DATA BELOW:
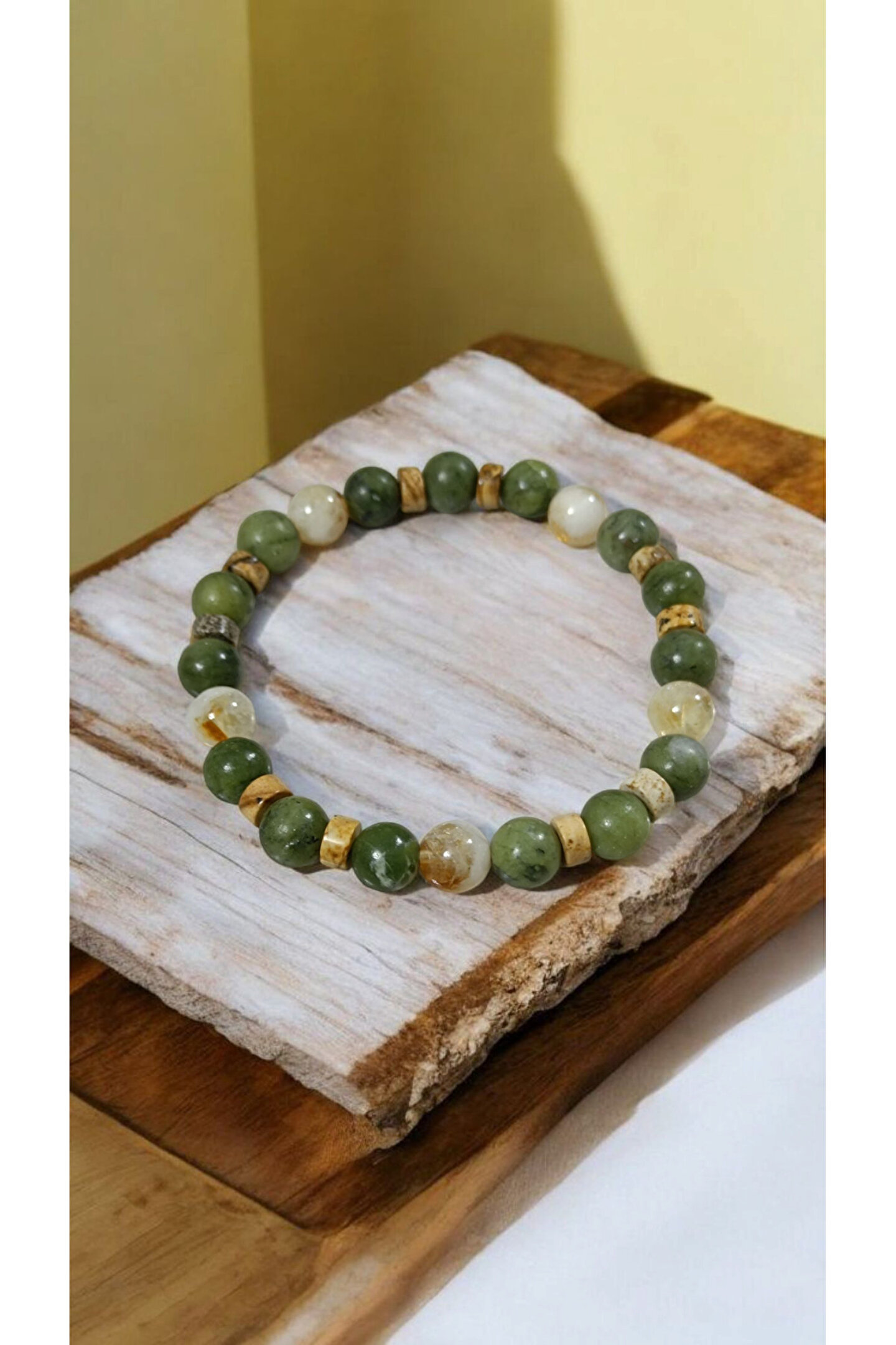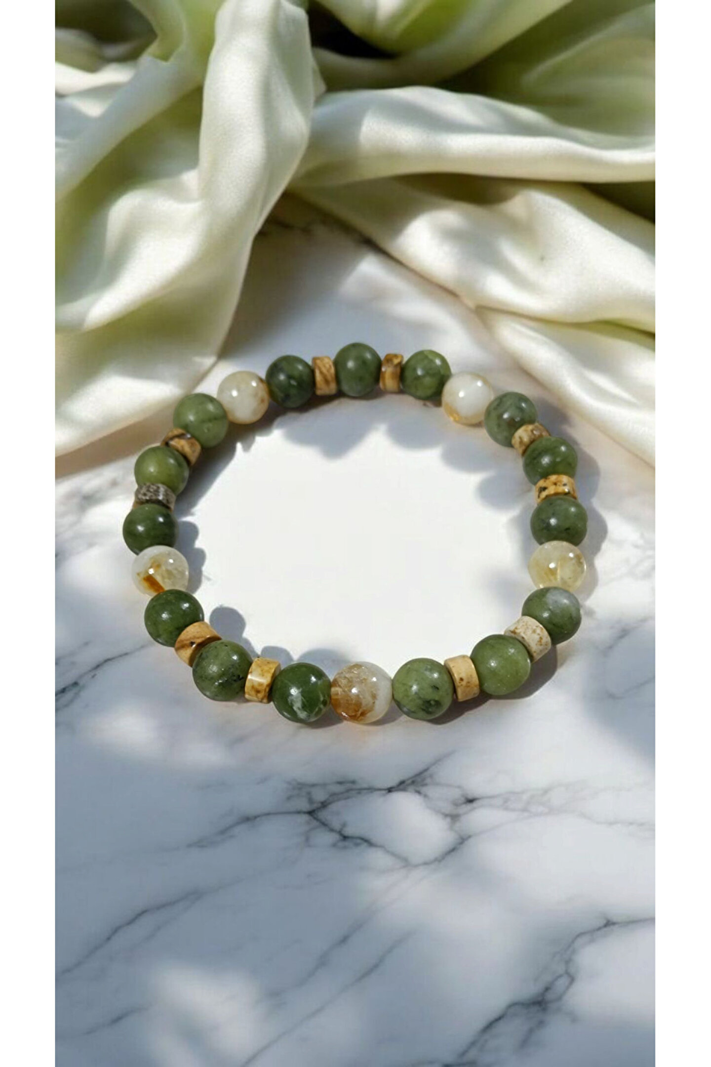 - Kanada Yeşim Taşı ve Sitrin bilekliği, hem şıklığı hem de enerjik özellikleriyle dikkat çeker.; - Unisex tasarımı sayesinde herkes tarafından rahatlıkla kullanılabilir; cinsiyet ayrımı gözetmez.; - Doğal taş kullanımıyla benzersiz bir dokunuş sunar ve her bileklik benzersizdir.; - Yetişkinlerin tercihi olan bu bileklik, günlük kullanım için idealdir ve stil sahibi görünümünüzü tamamlar.; -%100 doğal taşlarla tasarlanmıştır -Kanada yeşim taşı , şans para ve manevi değerlerle ilişkilidir -Sitrin , cesaret ve güç duygusunu artırarak ruhsal sağlığı destekler , pozitif düşünceleri teşvik ettiği ve bolluk enerjisini çektiği kabul edilir
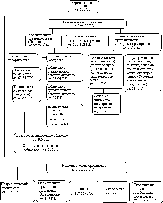 Организационно-правовые формы организации в соответствии с Гражданским кодексом РФ приведены на рис. 2.9.
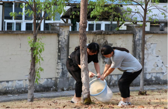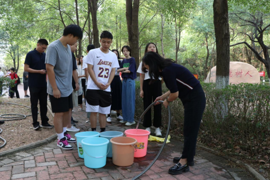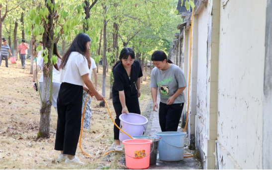 经过紧张忙碌的早上,理工楼A区附近的“土木林”焕然一新,师生党员们脸上流着汗,心里却是甜甜的。“土木林是学院特色德育实践基地,汇聚了师生的深情与梦想,见证了莘莘学子的成长成才,守护这片绿,是对师生砥砺奋进的守护和传承,为树苗浇水,师生党员身体力行为大地增添绿色,发扬了不怕苦、不怕累的精神。”党总支书记杨群英深情地说道。
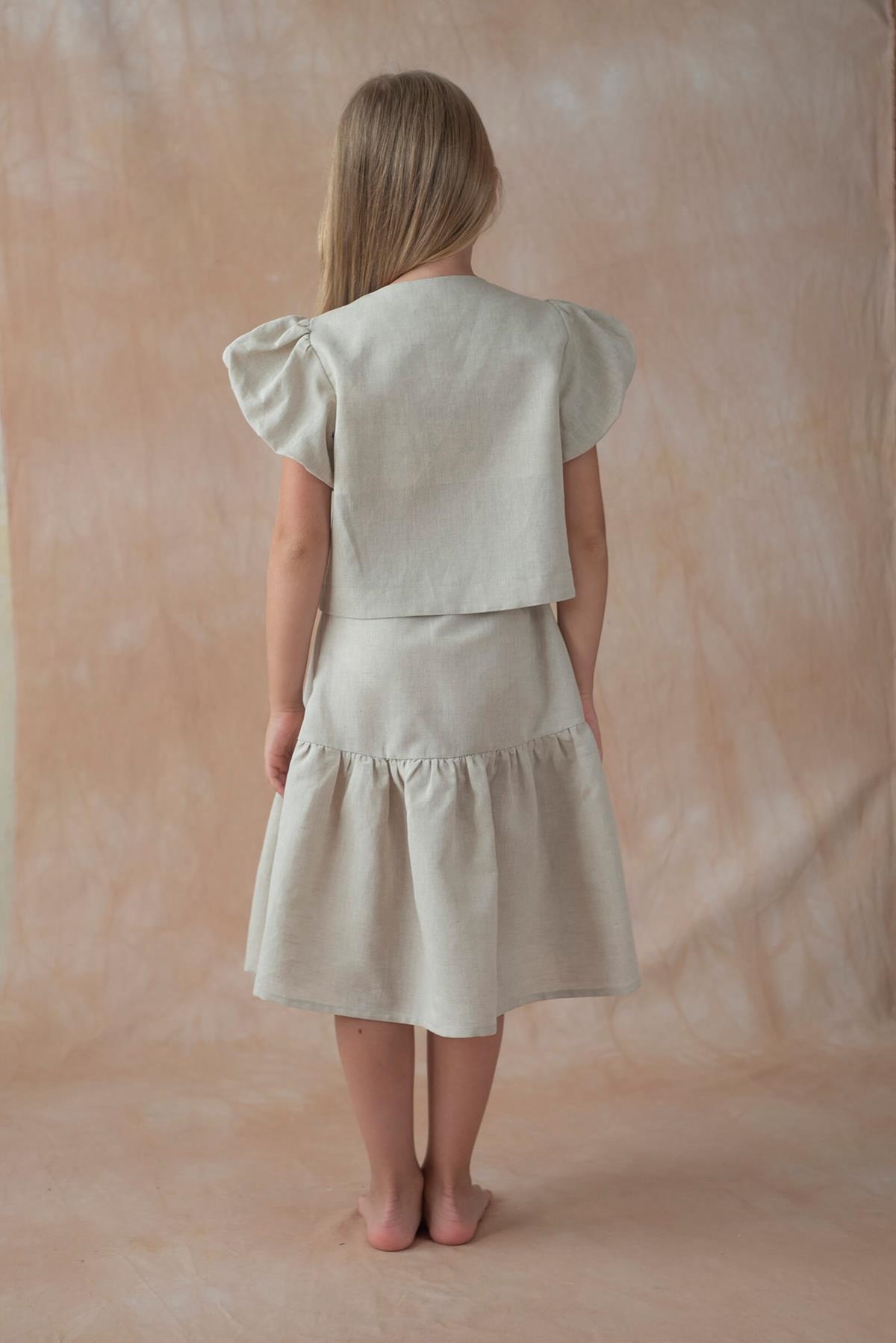 Ref. SS26 Mod.15.3 Sand linen embroidered blouse with puffed sleeves

PROBLEM DESCRIPTION: Would you retype every line shown above exactly, leaving the pictures aside?

ANSWER:
 - Kanada Yeşim Taşı ve Sitrin bilekliği, hem şıklığı hem de enerjik özellikleriyle dikkat çeker.; - Unisex tasarımı sayesinde herkes tarafından rahatlıkla kullanılabilir; cinsiyet ayrımı gözetmez.; - Doğal taş kullanımıyla benzersiz bir dokunuş sunar ve her bileklik benzersizdir.; - Yetişkinlerin tercihi olan bu bileklik, günlük kullanım için idealdir ve stil sahibi görünümünüzü tamamlar.; -%100 doğal taşlarla tasarlanmıştır -Kanada yeşim taşı , şans para ve manevi değerlerle ilişkilidir -Sitrin , cesaret ve güç duygusunu artırarak ruhsal sağlığı destekler , pozitif düşünceleri teşvik ettiği ve bolluk enerjisini çektiği kabul edilir
 Организационно-правовые формы организации в соответствии с Гражданским кодексом РФ приведены на рис. 2.9.
 经过紧张忙碌的早上,理工楼A区附近的“土木林”焕然一新,师生党员们脸上流着汗,心里却是甜甜的。“土木林是学院特色德育实践基地,汇聚了师生的深情与梦想,见证了莘莘学子的成长成才,守护这片绿,是对师生砥砺奋进的守护和传承,为树苗浇水,师生党员身体力行为大地增添绿色,发扬了不怕苦、不怕累的精神。”党总支书记杨群英深情地说道。
 Ref. SS26 Mod.15.3 Sand linen embroidered blouse with puffed sleeves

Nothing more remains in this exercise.